Example of training results (from train.out):

Number of training structures :         18
Number of testing structures  :          2
Total number of weights       :        221
Atomic energy shift           :   -747.530391 eV

Output:

  • N.5t-5t.ann: Trained ANN potential file

Step 5: Prediction and Validation

Work in the sample/aenet_training/predict/ directory.

First, generate the test XSF files using generate_test_xsf.py.
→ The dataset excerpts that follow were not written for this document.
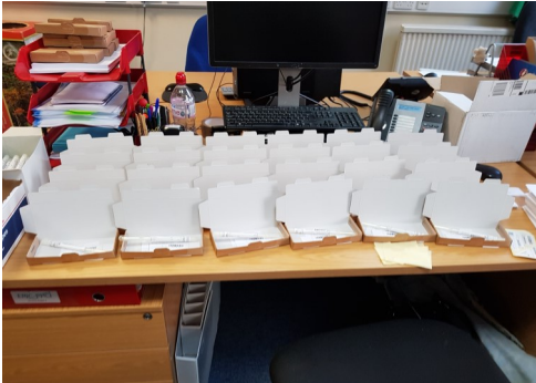
Lucy's desk when preparing the test kits for the participants

It is an incredible amount of work but all made possible by the fantastic recruitment levels at the clinics.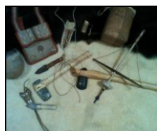
Primitive technology/Bow drill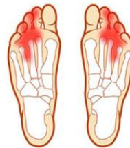
This illustrates the area of the foot affected by Morton's Neuroma

The condition starts out slowly, with intermittent pain. Left untreated, Morton's Neuroma results in permanent nerve damage to the foot. Early diagnosis is always best from a treatment standpoint.

This creates 201 structures with N-N distances from 0.00 to 2.00 Angstrom in 0.01 Angstrom increments:

python3 generate_test_xsf.py

This generates test XSF files in the predict_data_set_test/ directory.

Then, configure the prediction settings in predict.in:

TYPES
1
N

NETWORKS
  N  N.5t-5t.ann

FORCES

FILES
201
../predict_data_set_test/test_0.00.xsf
../predict_data_set_test/test_0.01.xsf
...

Description of each keyword:

  • TYPES: Number of atomic species (next line) and the element symbol for each species

  • NETWORKS: Trained ANN potential file for each atomic species (N.5t-5t.ann)

  • FORCES: Also predict forces (optional)

  • FILES: Number of XSF files to predict (next line) and the path to each file

Predict energies using the trained potential:

predict.x predict.in > predict.out

Visualization of Results

Use plot_distance_energy.py to create a plot comparing the predicted energies from the ANN potential with the first-principles calculation results from QE:

python3 plot_distance_energy.py \
    --predict-out predict.out \
    --train-out ../train/train.out \
    --qe-dir ../relax \
    --n-structures 20 \
    --output distance_energy_plot.png

This script plots the following three datasets:

  • ANN prediction (blue): Interatomic distance vs. energy from predict.out

  • QE training data (red): Results from the SCF calculation XSF files

  • QE test data (green): Data points included in the test set from train.out

In addition to the full-range plot (distance_energy_plot.png), a zoomed-in plot around the potential minimum (distance_energy_plot_zoom.png, y-axis: -770 to -760 eV) is also generated automatically.

Calculation Results

The following graph compares the predicted energies from the ANN potential with the first-principles calculation results from QE (zoomed in around the potential minimum).

_images/QE_ANN.png

Energy-distance curve for the N2 dimer (zoomed in). Blue: ANN prediction, Red: QE training data, Green: QE test data.

Key results:

  • A Morse-type potential curve is reproduced, with the energy minimum (approximately -768 eV) near the equilibrium N-N distance (approximately 1.1 Angstrom)

  • The ANN potential reproduces the QE results well within the range of the training data (20 points)